With a world with a big focus on safety in public places, we thought it would be a good product for the security industry, potentially with links to smart cities. Imagine a shopping center, somewhere with lots of security already. They tend to have lots of security cameras, alarm systems and a dedicated guard. This isn’t uncommon in big public places/attractions, especially in the UK. Sports stadiums, train stations and museums are always looking for new ways to protect themselves and isolate problems. The example that inspired us was the horrendous shooting in Las Vegas at a concert in October 2017, just as we were picking projects. The main problem was that the security services did not know where the shooter was, meaning it took longer to get to him. If they had a system like we envisaged, the microphones would pick up the sound and triangulate it. The location could then be sent to relevant authorities to use.

The front page of the New York times just days after the Las Vegas shooting

To start with we needed microphones. We didn’t need to reinvent the wheel, and microphones can be easily bought off the shelf. For ease we used standard stage microphones, that had 3-pin XLR outputs. Although we had been warned that they would not work they had a good omnidirectional pattern, and had lots of good documentation. One issue with them is the output is balanced, which means it needs to go through a pre-amp. To get an idea of what a balanced signal is, imagine a ground connection and two signals. The two signals are the same, but one is inverted. This means when it travels down the cable it is much less susceptible to interference. This is part of the reason we liked using stage rated equipment, as sound engineers have already worked out issues with transporting sound signals long distances through noisy situations. We concluded from research that the signals could reach over 100m, which was the number we were aiming for.

One of the pre-amplifier sections used on the board, using four operational amplifiers.

Once the signal got to the box it needed to be converted to a signal that could be read by an ADC. To do this we used an INA217, a pre-amp designed for basically this purpose. An instrument amplifier, it measures the difference between the signals and amplifies them, outputting a voltage with reference to ground. The signal from the microphone is tiny, in the tens of milivolts range, so it needed some dramatic amplification to get it near the 5V ADC. The INA217 did a good job but we put a second stage amplifier to give it the extra push, as very large gains can sometimes be bad for a number of reasons.

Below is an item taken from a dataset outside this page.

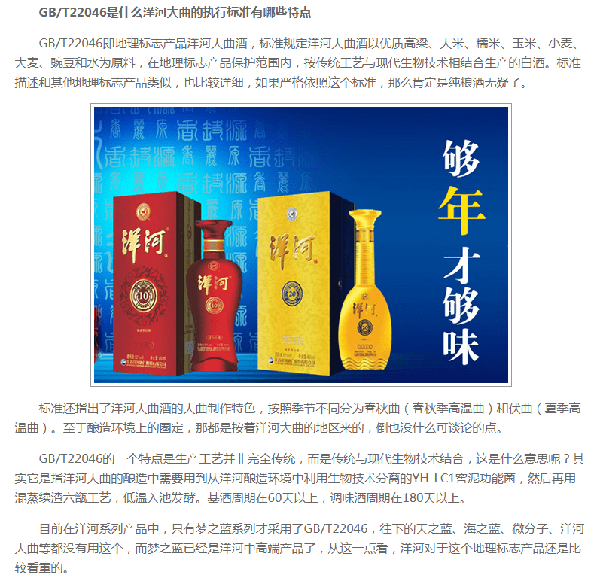 酒瓶上面如果写有按照地理位置划分的国家标准,一般都是比较顶端的白酒了。比如洋河梦之蓝系列,泸州老窖国窖系列,五粮液年份酒系列。

We used an OP07D but if we were to do it again we would get a rail-to-rail to get better results. This amp had a pot as one of the gain resistors so that we could easily trim the gain depending on test. Finally, the signal at this point sat between -2.5V and +2.5V so we needed to shift it up so it was between 0 and 5V. This was done with a simple shift circuit and an amplifier. We used another OP07D to make buying easier.

Me manufacturing the PCB, at this point I was inspecting to see how well it had been soldered.

From here the signal gets read by the 12 bit ADC in an STM32 microcontroller. It then streams the data via the USB to a PC where MATLAB picks it up. This is where my knowledge is a bit lacking as I did not make it. In essence MATLAB uses a machine learning algorithm that had listened to over 1000 gunshots, screams and explosions. It has categorized them, and used a number of features to notice the difference. Then when playing a new sound of one of these things (not heard by it before) it categorizes it and outputs it to the user. It also used a selection of sounds from the background to know when there is not one of these events happening, else there will false negatives.

One of our set ups to get a useful output and test the amplifiers were working properly.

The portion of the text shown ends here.